Work request: For the material that follows, return exactly the lines from the one with "Gwen. Der lange" through the one with "施術のあと、気絶するようにぐ", both ends included.

Given entries:

++++++++++

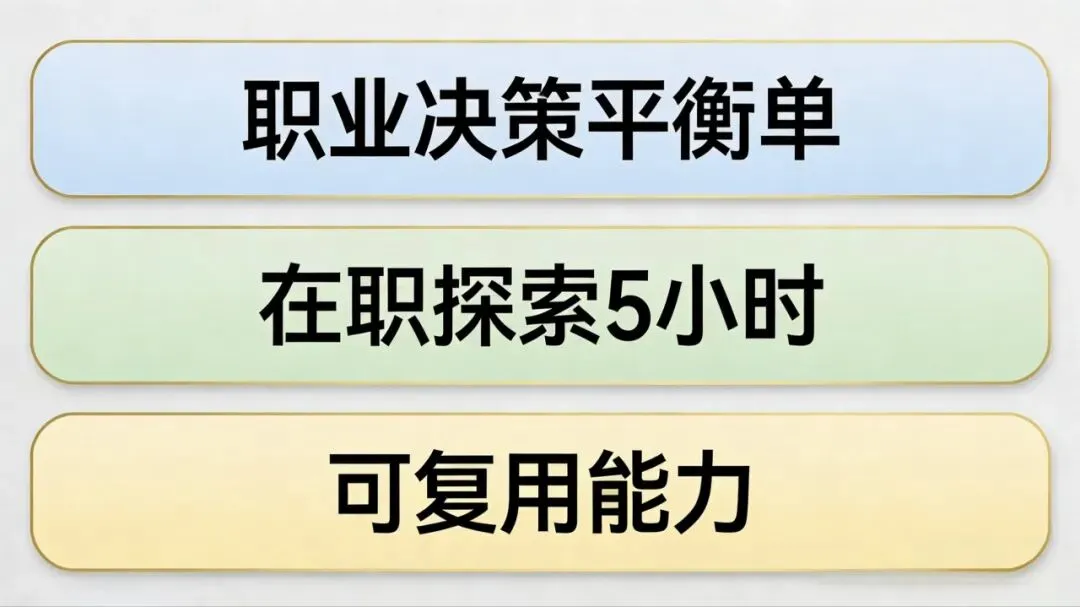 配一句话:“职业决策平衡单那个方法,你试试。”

++++++++++

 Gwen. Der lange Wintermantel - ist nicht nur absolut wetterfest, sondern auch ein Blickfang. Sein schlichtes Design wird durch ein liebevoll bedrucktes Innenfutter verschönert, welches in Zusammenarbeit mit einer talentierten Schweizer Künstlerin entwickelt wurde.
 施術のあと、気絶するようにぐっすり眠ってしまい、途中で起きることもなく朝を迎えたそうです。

++++++++++

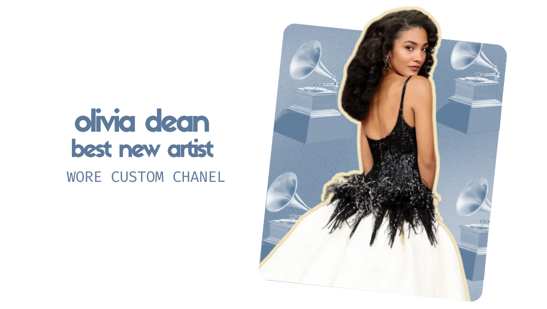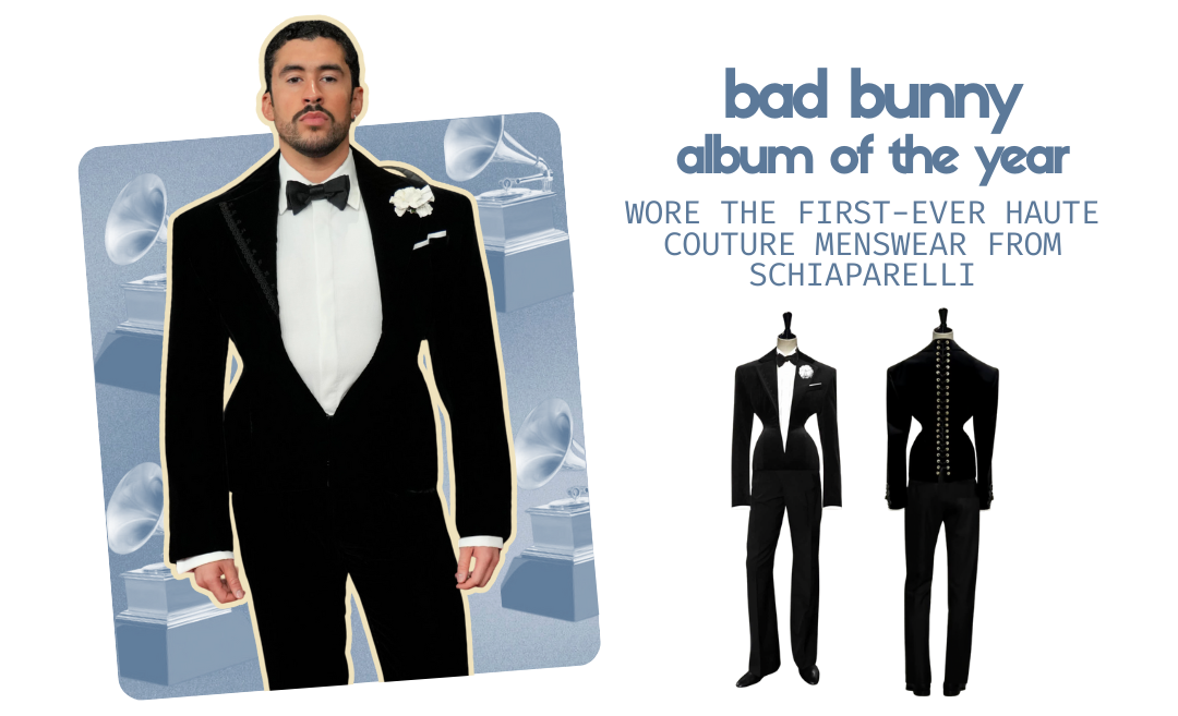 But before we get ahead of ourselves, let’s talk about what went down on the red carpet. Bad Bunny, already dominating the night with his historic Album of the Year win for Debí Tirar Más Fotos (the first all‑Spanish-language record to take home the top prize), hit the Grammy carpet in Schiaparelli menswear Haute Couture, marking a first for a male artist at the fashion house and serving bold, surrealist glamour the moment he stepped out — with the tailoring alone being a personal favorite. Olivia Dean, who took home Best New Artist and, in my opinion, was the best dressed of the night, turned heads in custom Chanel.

++++++++++

Exercise answer:
 Gwen. Der lange Wintermantel - ist nicht nur absolut wetterfest, sondern auch ein Blickfang. Sein schlichtes Design wird durch ein liebevoll bedrucktes Innenfutter verschönert, welches in Zusammenarbeit mit einer talentierten Schweizer Künstlerin entwickelt wurde.
 施術のあと、気絶するようにぐっすり眠ってしまい、途中で起きることもなく朝を迎えたそうです。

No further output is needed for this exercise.